Based on the word cloud, we can see that the government plays an essential role during COVID-19. Facilities, quarantine, transport, masks are all key factors in government measures.


Clik to view Python code


3. Economy and Food


- Correlation


To determine which variables are positively correlated with others. We plot a heatmap with correlation coefficients (>=0 and <= 1). Observed that the deeper color each block has, the higher correlation it has with other variables.


Click right corner to enlarge the plot

Link to the plot

By inspecting the heatmap, we can see the correlation coefficients between each pair of variables are pretty high, so we cannot easily decide which variables to remove and keep. To better the model, we need to figure it out by linear regression.


- Feature Selection


Then we can select the features without highly correlated variables with backward selection in linear regression. We selected six variables as predictors based on adjusted R-square.


Including:


● Proportion of population under global poverty line

● Volatility of agricultural production

● Protein quality

● Ability to store food safely

● Natural Disaster (or disease) Disbursement

● Agriculture expenditure in GDP


linear model


Clik to view Python code


Observed for some selected variables, the p-value in the linear model is high (>0.05). The reason to keep such variables in the model is that this model has only 8 rows and is limited to further optimization.


Thus, we get the linear model:


Prevalence of undernourishment population = -181.9698

+ 0.6203*Proportion of population under global poverty line (X1)

-140.0642*Volatility of agricultural production(X2)

+2.6889*Protein quality(X3)

-0.0153*Ability to store food safely(X4)

-1.1174*Natural Disaster (or disease) Disbursement(X5)

+1.9194*Agriculture expenditure in GDP(X6)


Among those variables, Covid-19 is included in ‘Natural Disaster (or disease) Disbursement’. We can predict the proportion of undernourishment population in 2020 by the total disbursement of Covid-19 and other data. The figure below is the scatter plot and histogram of predictors each year.


Click right corner to enlarge the plot

Link to the plot

Click right corner to enlarge the plot

Link to the plot

By clicking each year, we can explore the values of predictors in that year. And by clicking each predictor, we can observe the change of it from 2012 to 2019. For example, since “Prevalence of undernourishment population” is decreasing from 2012 to 2019, so does “Agriculture expenditure in GDP”; we can conclude that they have a positive correlation.


Thus, if the government expenditure on agriculture increases during the COVID-19, it indicates more people will suffer undernourishment.


4. Exposure Risk Score


Ethiopia has 11 regions and more than 600 small districts. First, we make a map to display the average total exposure score of each region.


As we can see, the region has the highest risk score is in the east, the areas have medium to high risk score is clustered in the middle, the regions that have low-risk score are in the west. Most regions have a risk score of around 9 to 10. Then we want to explore the connection between socio-economic vulnerability and average total risk.

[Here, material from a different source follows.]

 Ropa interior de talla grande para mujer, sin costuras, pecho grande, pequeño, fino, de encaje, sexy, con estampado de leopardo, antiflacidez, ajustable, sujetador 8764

Symbol Map of Average Socio-Economic Vulnerability Score by Districts


Since there are more than 600 small districts, we make 30 samples. 10 has a low total risk score, 10 has a medium total risk score, and others have a high total risk score. The bubble size represents the average socio-economic vulnerability score, and the color represents the total risk score.


This graph clearly shows that districts with high socio-economic vulnerability scores also have a high total average risk score, which indicates that people who live there can be affected by COVID-19 more easily than districts in other areas.

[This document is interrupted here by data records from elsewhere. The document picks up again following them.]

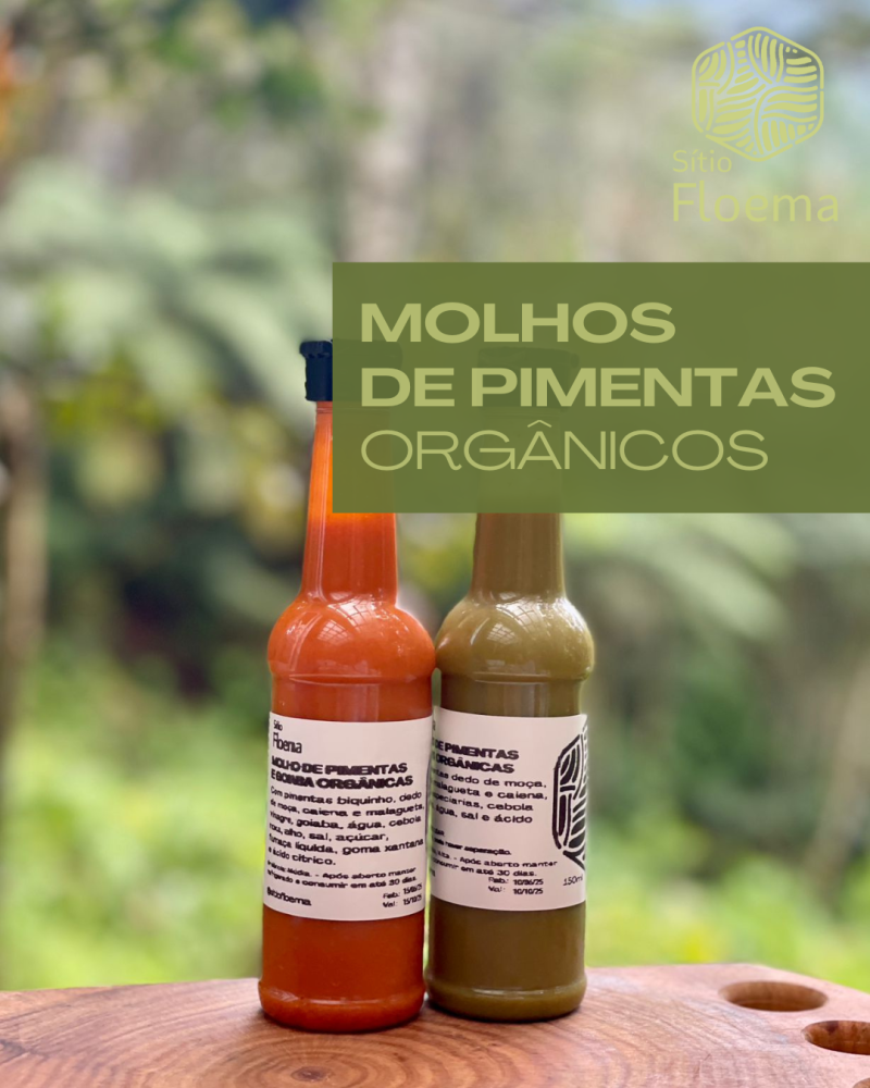 Nossos molhos de pimenta são feitos com pimentas e temperos cultivados por nós aqui no sítio, em sistemas de plantio regenerativo e manejo agroecológico. Cada frasco carrega a força do solo, o cuidado das nossas mãos e os sabores intensos das nossas hortas.
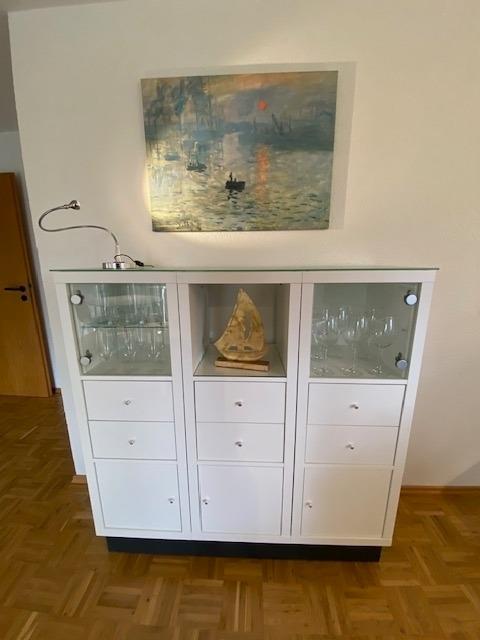 Begrüßungsgetränke im Kühlschrank und Salzgebäck, Kaffeepads drei Sorten, Tee drei Sorten Zucker + Kaffee Milch sowie Gewürze im Regal sind direkt in den Oberschränken
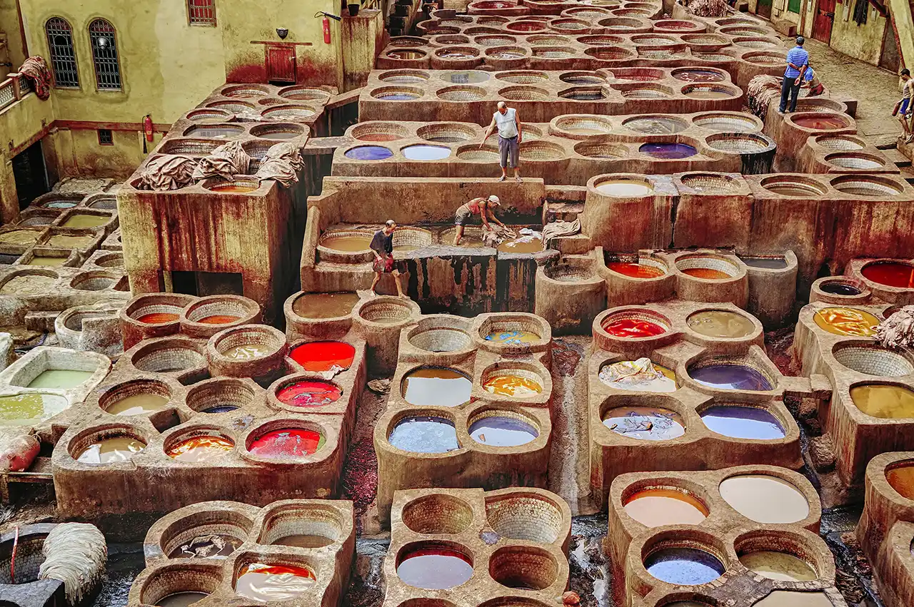 Berühmt sind die Gerbereien von Fes, in denen Leder bis heute nach traditionellen Methoden gefärbt wird. Religiöses und geistiges Zentrum der Stadt sind die al-Qarawiyyin-Moschee und die ihr angeschlossene gleichnamige Universität.
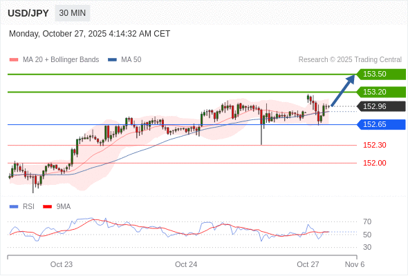 在 152.65 之上,看涨,目标价位为 153.20 ,然后为 153.50 。

Moreover, an interesting finding is that more population does not indicate people in that area are much easier to be affected by COVID-19.

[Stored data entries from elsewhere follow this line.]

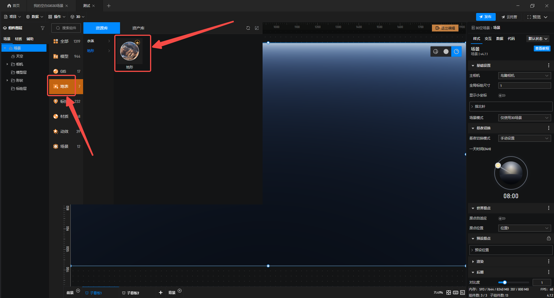 接着双击进入编辑界面,在左侧选择“地表”,添加“地形”。
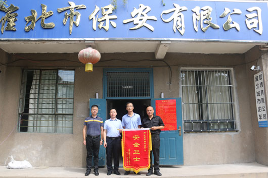 2018年9月3日,安徽相邦復合材料有限公司總經理攜保衛部、辦公室負責人一行來到淮北市保安有限公司贈送錦旗和感謝信,對受臺風“溫比亞”影響,仍堅守在一線工作崗位的趙世軍、許成良、吳蘇林、王福利、張斌等五位保安隊員給予高度贊賞和充分肯定。
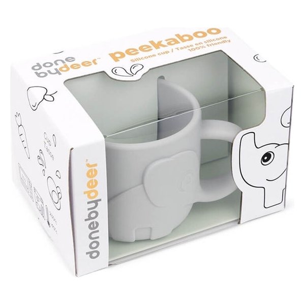 Nauka samodzielnego picia będzie łatwiejsza z uroczym kubkiem silikonowym Peekaboo Elphee marki Done by Deer.
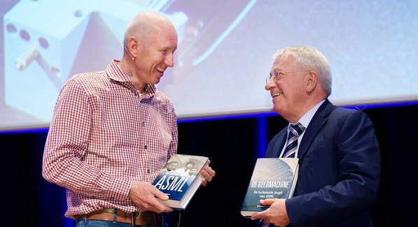 Komende week verschijnen twee boeken over ASML van René Raaijmakers. Raaijmakers ging op zoek naar de wortels van ASML’s succes. Hij beschrijft de tijd dat op het Philips Natlab de eerste uitvindingen voor chiplithografie werden gedaan, tot en met de beursgang van ASML. Wim van der Leegte nam afgelopen week het eerste exemplaar in ontvangst tijdens de boeklancering in het Evoluon.

Ethiopia population density map


It seems counter intuitive, but it is what our data shows. Above is the Ethiopia population density map. Based on the graph, most of the population is clustered in the middle and west areas. There are not so many people in the east area. However, the previous analysis shows that the east region has the highest total risk score. Thus, a high population does not imply a high risk of being infected by COVID-19.